Task description>
With pictures left out, output exactly the lines of the listing below from the line that has "Le protocole OAI-PMH" to the line that has "髙(10画)嶋(14画) 竜(16画)一(1画)郎(10画)", both lines kept.

Exercise data>
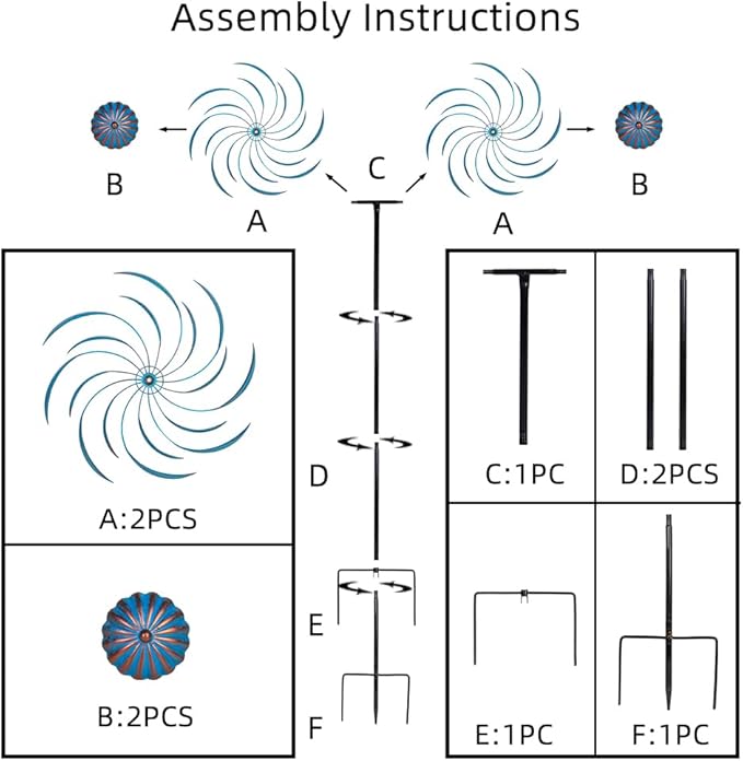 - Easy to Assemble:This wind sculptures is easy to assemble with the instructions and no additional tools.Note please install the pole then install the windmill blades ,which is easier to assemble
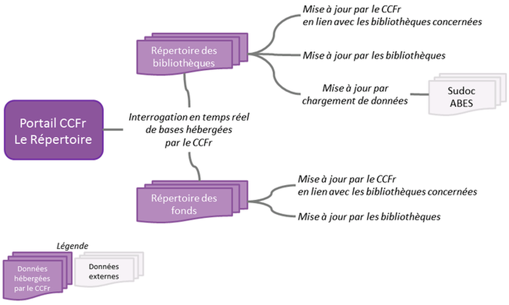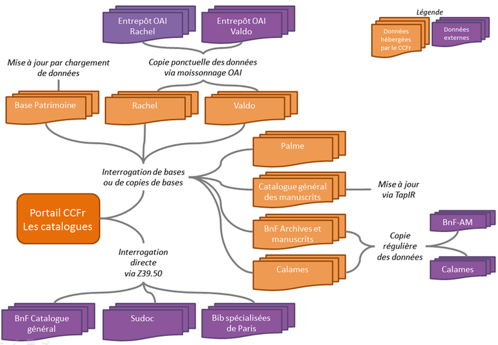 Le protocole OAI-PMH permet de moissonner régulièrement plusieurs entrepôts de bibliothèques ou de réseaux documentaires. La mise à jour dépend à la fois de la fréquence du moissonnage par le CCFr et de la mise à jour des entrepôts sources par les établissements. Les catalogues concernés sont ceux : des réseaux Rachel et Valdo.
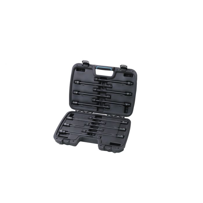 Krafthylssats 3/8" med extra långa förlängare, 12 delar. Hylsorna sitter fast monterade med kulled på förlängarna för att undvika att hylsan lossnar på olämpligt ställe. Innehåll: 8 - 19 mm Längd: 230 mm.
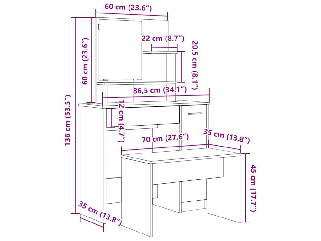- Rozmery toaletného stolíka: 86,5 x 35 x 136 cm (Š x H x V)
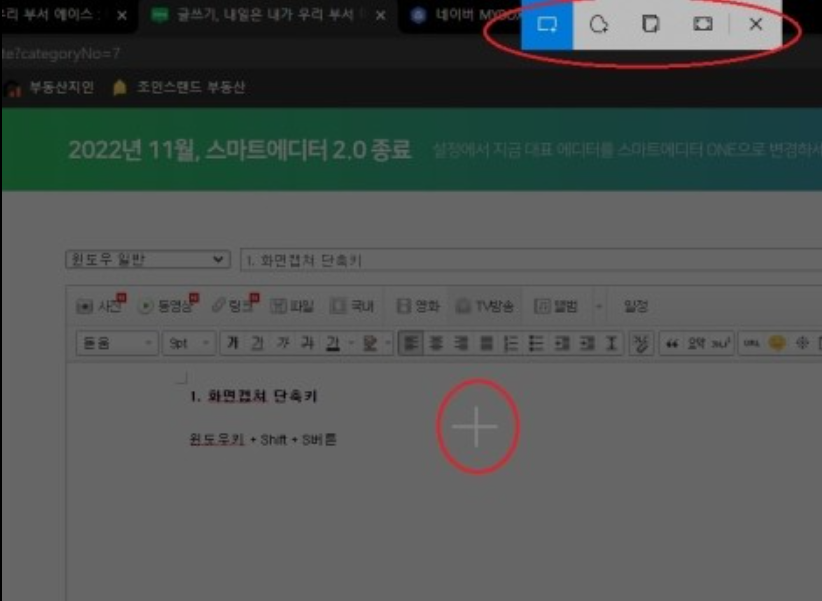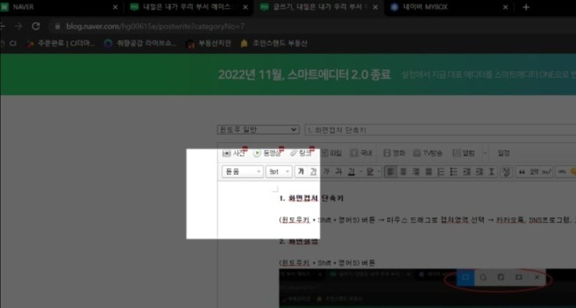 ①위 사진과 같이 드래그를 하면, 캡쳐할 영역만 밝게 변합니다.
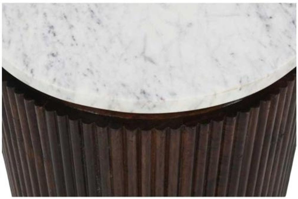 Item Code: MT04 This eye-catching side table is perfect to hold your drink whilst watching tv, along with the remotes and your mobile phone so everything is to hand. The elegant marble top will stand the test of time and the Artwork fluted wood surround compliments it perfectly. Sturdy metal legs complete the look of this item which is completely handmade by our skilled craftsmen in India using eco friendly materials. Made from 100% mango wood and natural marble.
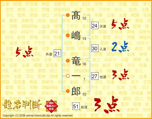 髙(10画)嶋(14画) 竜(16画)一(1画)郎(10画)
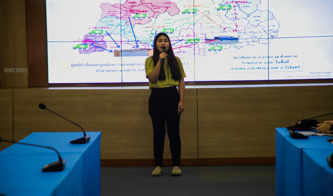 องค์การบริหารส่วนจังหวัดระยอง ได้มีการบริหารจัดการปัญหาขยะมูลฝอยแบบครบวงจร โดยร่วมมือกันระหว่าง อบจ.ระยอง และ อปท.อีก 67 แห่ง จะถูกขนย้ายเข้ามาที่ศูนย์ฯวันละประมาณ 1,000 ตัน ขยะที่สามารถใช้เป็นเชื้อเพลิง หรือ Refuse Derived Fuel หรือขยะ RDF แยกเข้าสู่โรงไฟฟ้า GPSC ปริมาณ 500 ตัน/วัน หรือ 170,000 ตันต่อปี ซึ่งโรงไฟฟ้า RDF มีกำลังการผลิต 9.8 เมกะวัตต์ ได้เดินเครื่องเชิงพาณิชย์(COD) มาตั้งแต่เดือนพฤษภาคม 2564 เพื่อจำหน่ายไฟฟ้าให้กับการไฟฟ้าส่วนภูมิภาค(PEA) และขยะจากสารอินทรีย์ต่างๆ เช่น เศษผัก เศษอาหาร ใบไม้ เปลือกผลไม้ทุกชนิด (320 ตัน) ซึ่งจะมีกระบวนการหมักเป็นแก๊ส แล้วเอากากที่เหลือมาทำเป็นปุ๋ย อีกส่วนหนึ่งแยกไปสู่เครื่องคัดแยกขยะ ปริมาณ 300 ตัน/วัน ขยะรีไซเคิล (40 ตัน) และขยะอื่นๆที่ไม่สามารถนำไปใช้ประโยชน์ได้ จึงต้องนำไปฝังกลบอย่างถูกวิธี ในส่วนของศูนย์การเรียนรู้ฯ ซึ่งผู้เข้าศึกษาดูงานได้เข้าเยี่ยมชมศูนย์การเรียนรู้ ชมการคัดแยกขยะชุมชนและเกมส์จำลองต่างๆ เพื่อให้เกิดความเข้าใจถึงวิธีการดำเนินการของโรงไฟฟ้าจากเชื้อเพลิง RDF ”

* * *

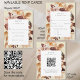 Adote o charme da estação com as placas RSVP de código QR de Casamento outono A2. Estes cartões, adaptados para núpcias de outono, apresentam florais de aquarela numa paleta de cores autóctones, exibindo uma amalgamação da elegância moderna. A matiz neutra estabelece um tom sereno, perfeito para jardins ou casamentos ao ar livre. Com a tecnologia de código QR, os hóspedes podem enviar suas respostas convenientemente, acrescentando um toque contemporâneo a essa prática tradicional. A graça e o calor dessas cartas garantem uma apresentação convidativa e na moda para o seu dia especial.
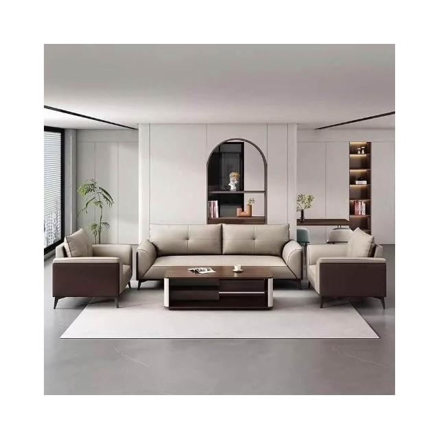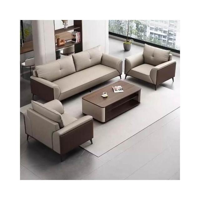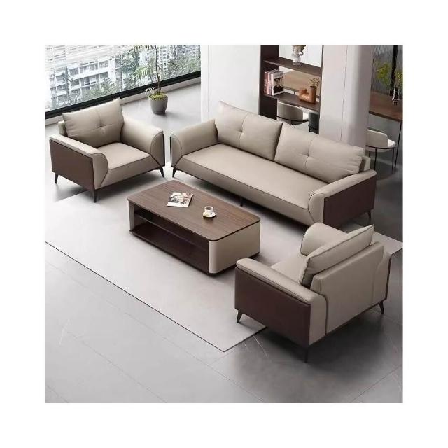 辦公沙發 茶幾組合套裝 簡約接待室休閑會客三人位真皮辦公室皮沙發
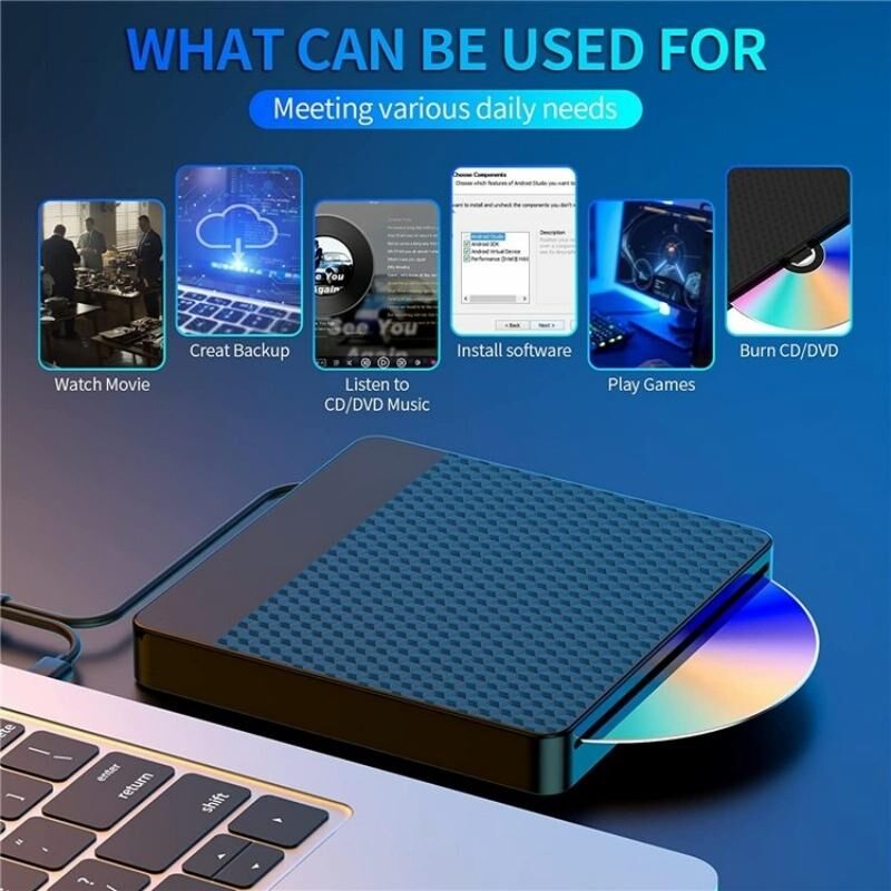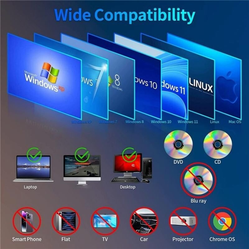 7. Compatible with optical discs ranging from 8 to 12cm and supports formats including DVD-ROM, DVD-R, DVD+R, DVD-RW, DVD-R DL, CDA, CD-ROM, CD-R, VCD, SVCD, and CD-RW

Answer for this exercise>
 Le protocole OAI-PMH permet de moissonner régulièrement plusieurs entrepôts de bibliothèques ou de réseaux documentaires. La mise à jour dépend à la fois de la fréquence du moissonnage par le CCFr et de la mise à jour des entrepôts sources par les établissements. Les catalogues concernés sont ceux : des réseaux Rachel et Valdo.
 Krafthylssats 3/8" med extra långa förlängare, 12 delar. Hylsorna sitter fast monterade med kulled på förlängarna för att undvika att hylsan lossnar på olämpligt ställe. Innehåll: 8 - 19 mm Längd: 230 mm.
- Rozmery toaletného stolíka: 86,5 x 35 x 136 cm (Š x H x V)
 ①위 사진과 같이 드래그를 하면, 캡쳐할 영역만 밝게 변합니다.
 Item Code: MT04 This eye-catching side table is perfect to hold your drink whilst watching tv, along with the remotes and your mobile phone so everything is to hand. The elegant marble top will stand the test of time and the Artwork fluted wood surround compliments it perfectly. Sturdy metal legs complete the look of this item which is completely handmade by our skilled craftsmen in India using eco friendly materials. Made from 100% mango wood and natural marble.
 髙(10画)嶋(14画) 竜(16画)一(1画)郎(10画)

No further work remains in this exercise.